Sec. B-15. Maine High-risk Reinsurance Pool Association staggered terms. Pursuant to the Maine Revised Statutes, Title 24-A, section 3953, of the members of the board of directors of the Maine High-risk Reinsurance Pool Association initially appointed by the Superintendent of Insurance, 2 members serve for a term of one year, 2 members for a term of 2 years and 2 members for a term of 3 years and of those members initially appointed by the member insurers, one member serves for a term of one year, 2 members serve for a term of 2 years and 2 members serve for a term of 3 years.
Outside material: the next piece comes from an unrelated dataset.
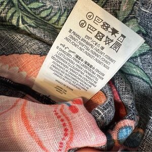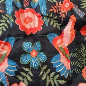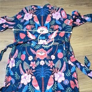 Tropical Bird Print Tunic Dress, 100% linen, new with tags. Size XL 16-18. Navy/mutli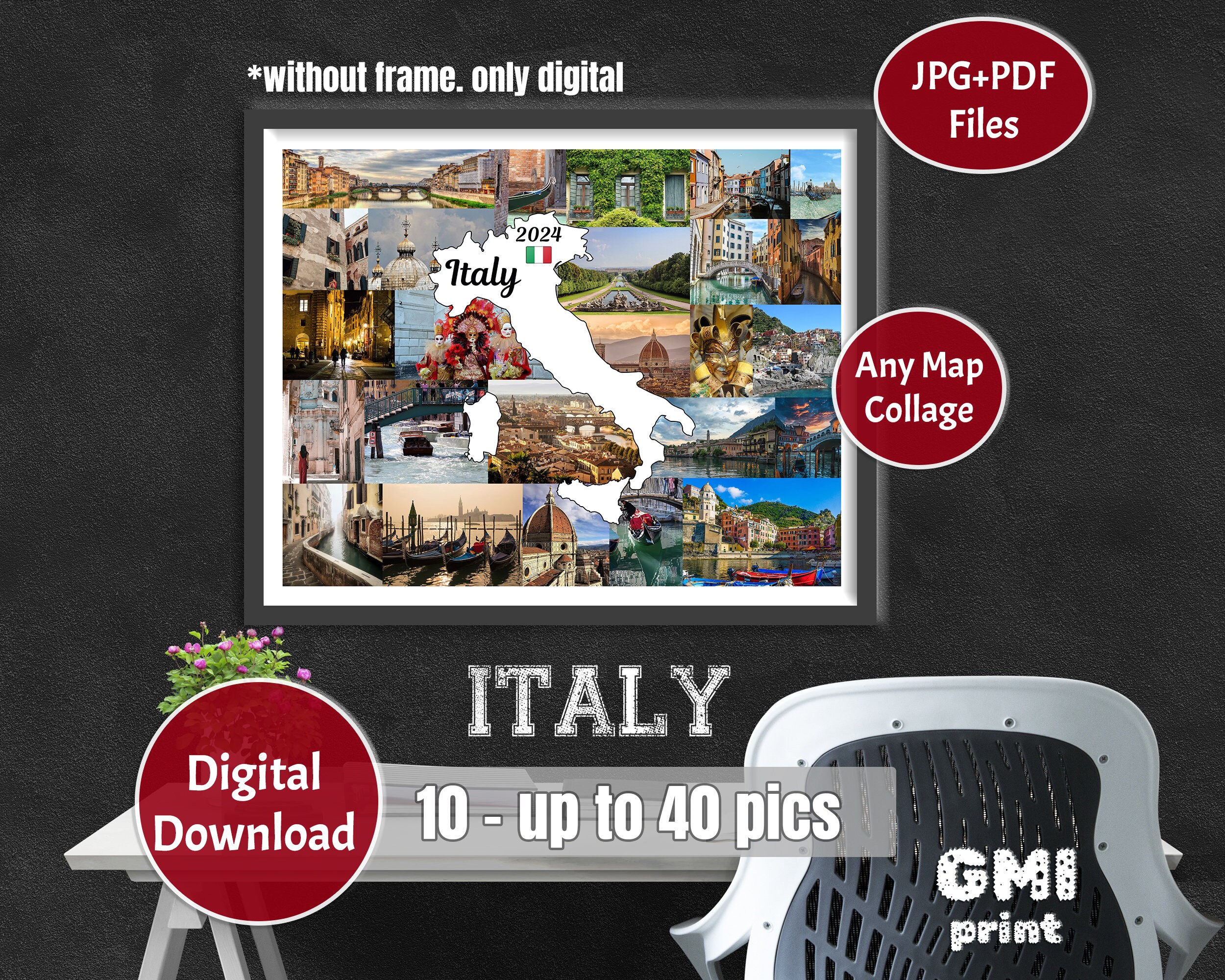 Any Map Photo Collage, Italy MAP Collage, Norway Wall art Gift, Vac...

The appointing authority shall designate the period of service of each initial appointee at the time of appointment.

summary

Part A of this bill makes the following changes to the community rating laws for individual and small group health insurance:

1. It changes the maximum rate differential for individual health plans on the basis of age, health status and geographic area from 1.5:1 to 4:1; and

2. It changes the maximum rate differential for small group health plans on the basis of age, health status, occupation or industry and geographic area from 1.5:1 to 4:1.

Part B of the bill amends the laws relating to guaranteed issuance and renewal.

Part B also creates the Maine High-risk Reinsurance Pool Association. The purpose of the association is to provide reinsurance to spread the cost of high-risk individuals and small groups among all health insurers. The bill funds the high-risk reinsurance pool through an assessment on insurers.